De esta manera, los investigadores pudieron mostrar a qué puntos se une el precargado del receptor A2A. Con este conocimiento, ahora es posible modificar específicamente el inhibidor para darle mejores propiedades. Además de tener el efecto más fuerte posible, los medicamentos, por ejemplo, no deben descomponerse demasiado rápido. También necesitan poder llegar al lugar donde se supone que deben hacer su trabajo, en este caso, el cerebro. «Nuestro estudio facilitará mucho la optimización de la sustancia», dice Claff con optimismo.
A2A pertenece a un grupo de receptores que regulan funciones clave en el cuerpo. Atraviesan la membrana de las células. La parte de ellos que se encuentra en el exterior de la membrana sirve como sensor y recibe señales moleculares como una antena. Cuando lo hace, desencadena reacciones específicas con su parte que sobresale en la célula. Esto luego activa ciertos genes, por ejemplo.
Tinte unido a la molécula inhibidora
«Estos receptores son inmensamente importantes debido a su posición central», dice Christa Müller, quien también es miembro de las Áreas de Investigación Transdisciplinaria (TRA) «Building Blocks of Matter» y «Life and Health». «Muchos de ellos, sin embargo, lamentablemente son relativamente inestables. Esto es desfavorable para los análisis estructurales de rayos X: la cristalización lleva días, a veces incluso semanas». Por lo tanto, los investigadores modificaron específicamente el receptor A2A en un solo punto, haciéndolo considerablemente más estable.
Además, lograron adherir un tinte al precargado con una especie de hilo molecular. «Esto nos permite controlar en qué parte del tejido se une la precarga al receptor A2A», dice Müller. Al mismo tiempo, la longitud y la flexibilidad de la nanocadena aseguran que el inhibidor no se obstruya para unirse al receptor.
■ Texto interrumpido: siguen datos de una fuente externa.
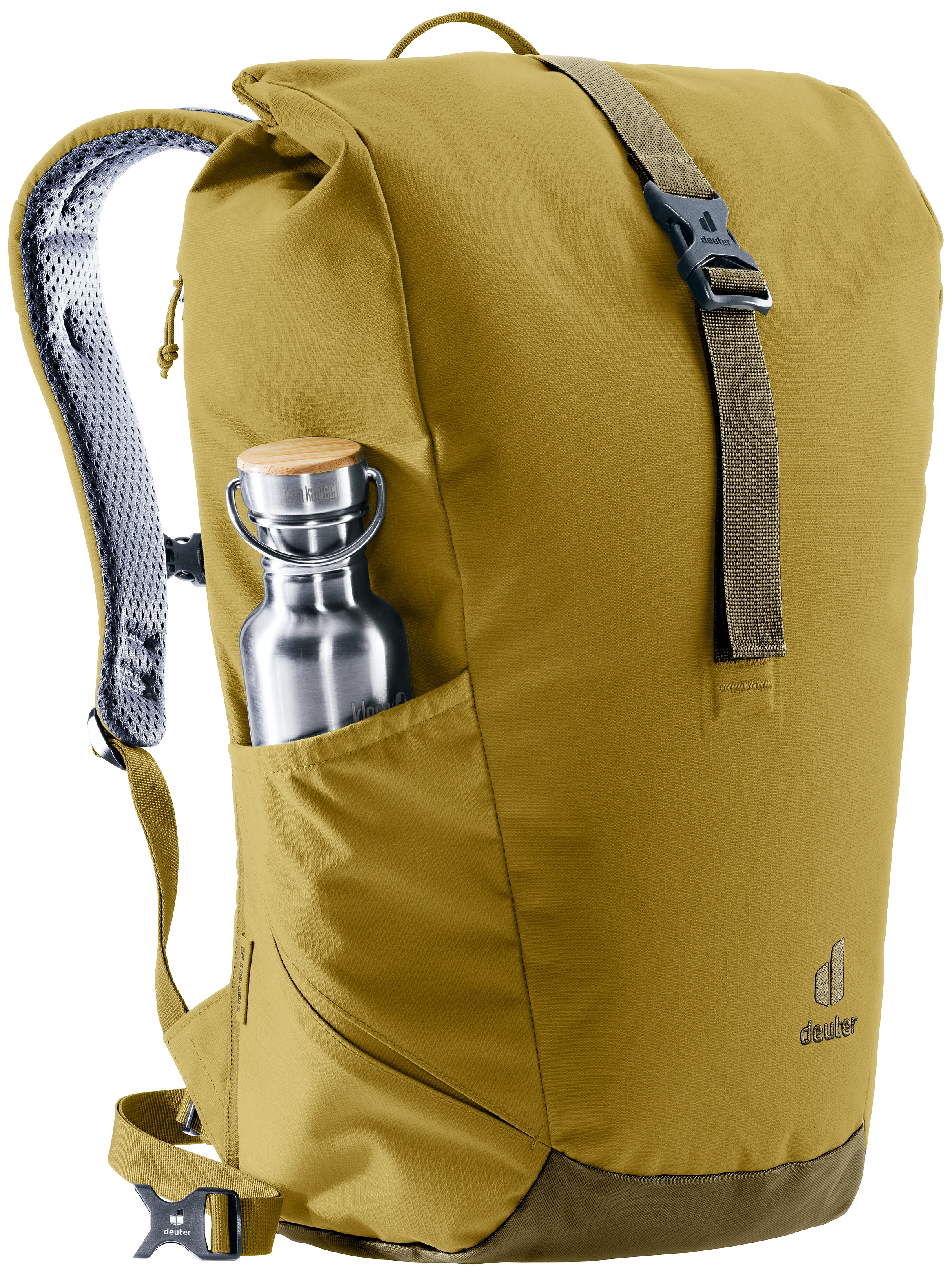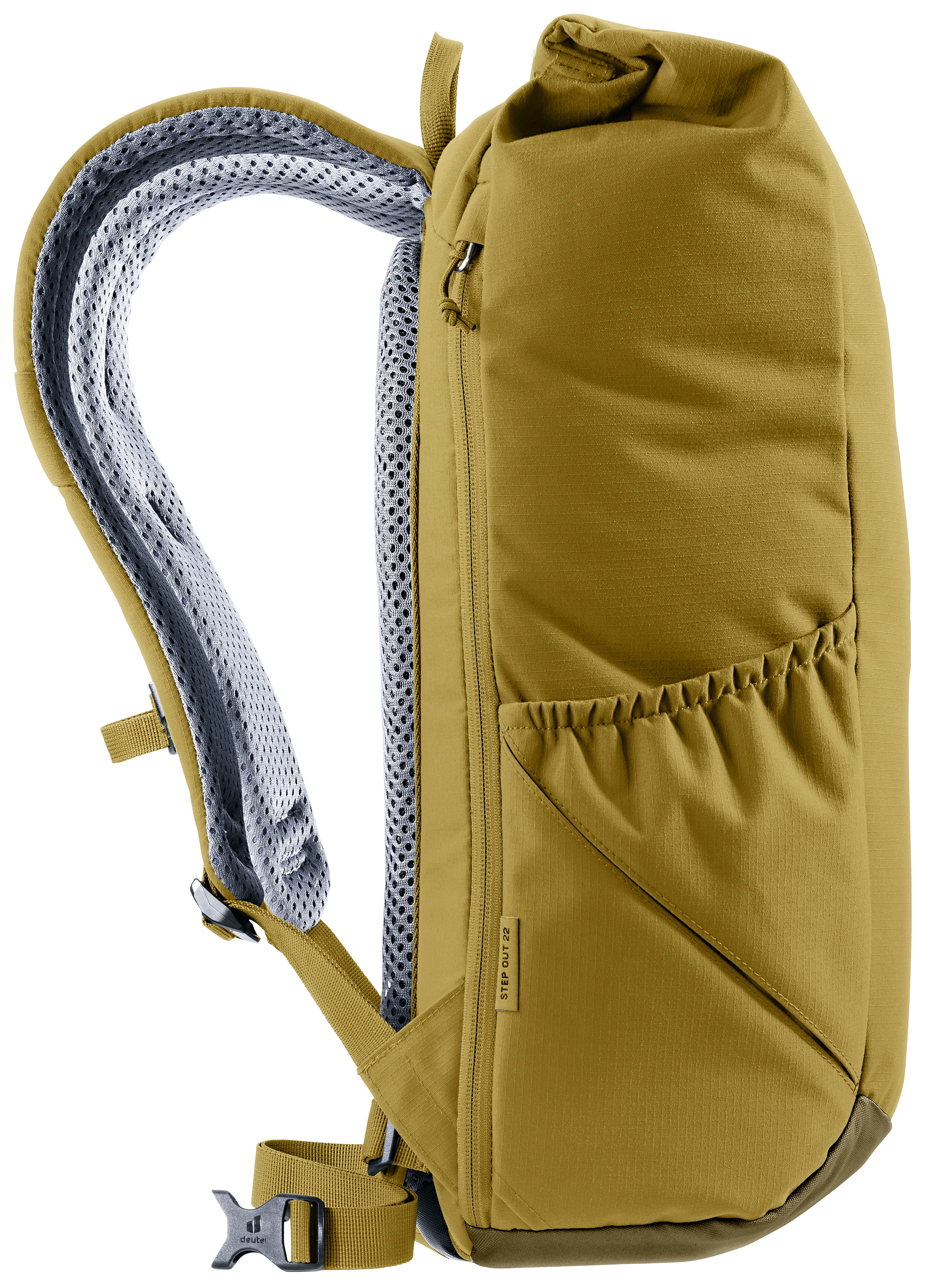 Gracias a los tirantes perforados y ergonómicos y al soporte lumbar del sistema de espalda Airstripes, el Stepout se caracteriza por una máxima circulación del aire y una gran comodidad de uso. La ampliación del volumen, el bolsillo lateral para el móvil y el bolsillo lateral elástico garantizan un acceso rápido a los objetos importantes. En el interior, los compartimentos para documentos y para el portátil, así como el portabotellas, ofrecen una buena organización. El tejido de este producto libre de PFC y con la certificación bluesign® Green Button está hecho de 26 botellas de PET de 0,5 litros recicladas y se fabrica según la norma bluesign®.
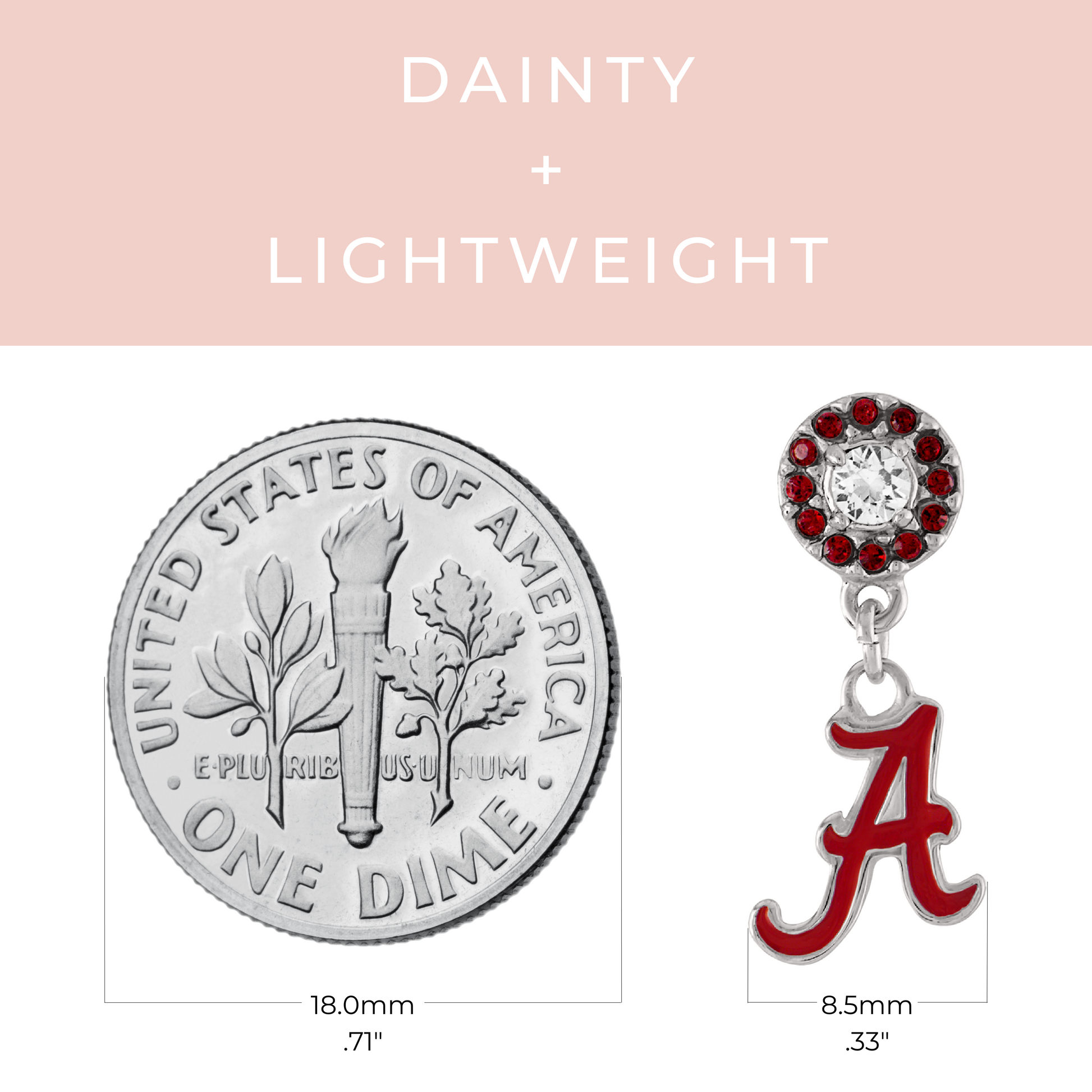 - Your Perfect Fit - These UA crystal earrings are always the perfect fit. Show off your beloved Alabama Crimson Tide football team and school with these statement earrings! Each dainty earring measures 15.05mm wide x 20.48mm long.

Ambos avances también podrían servir como modelos para trabajar con otros receptores que pertenezcan al mismo grupo. “Los métodos que hemos desarrollado en Bonn en los últimos años nos permitirán dilucidar la estructura de tales y otras proteínas de la membrana celular en el futuro”, está convencido el farmacéutico. «No hay muchas instalaciones de investigación que puedan hacer este tipo de análisis estructural de moléculas extremadamente complejas».
Instituciones participantes y financiación:
Además de la Universidad de Bonn, participaron el Centro de Biología de Sistemas Estructurales (CSSB) y Forschungszentrum Jülich. El estudio fue financiado por la Fundación Alemana de Investigación y el Ministerio Federal de Educación e Investigación.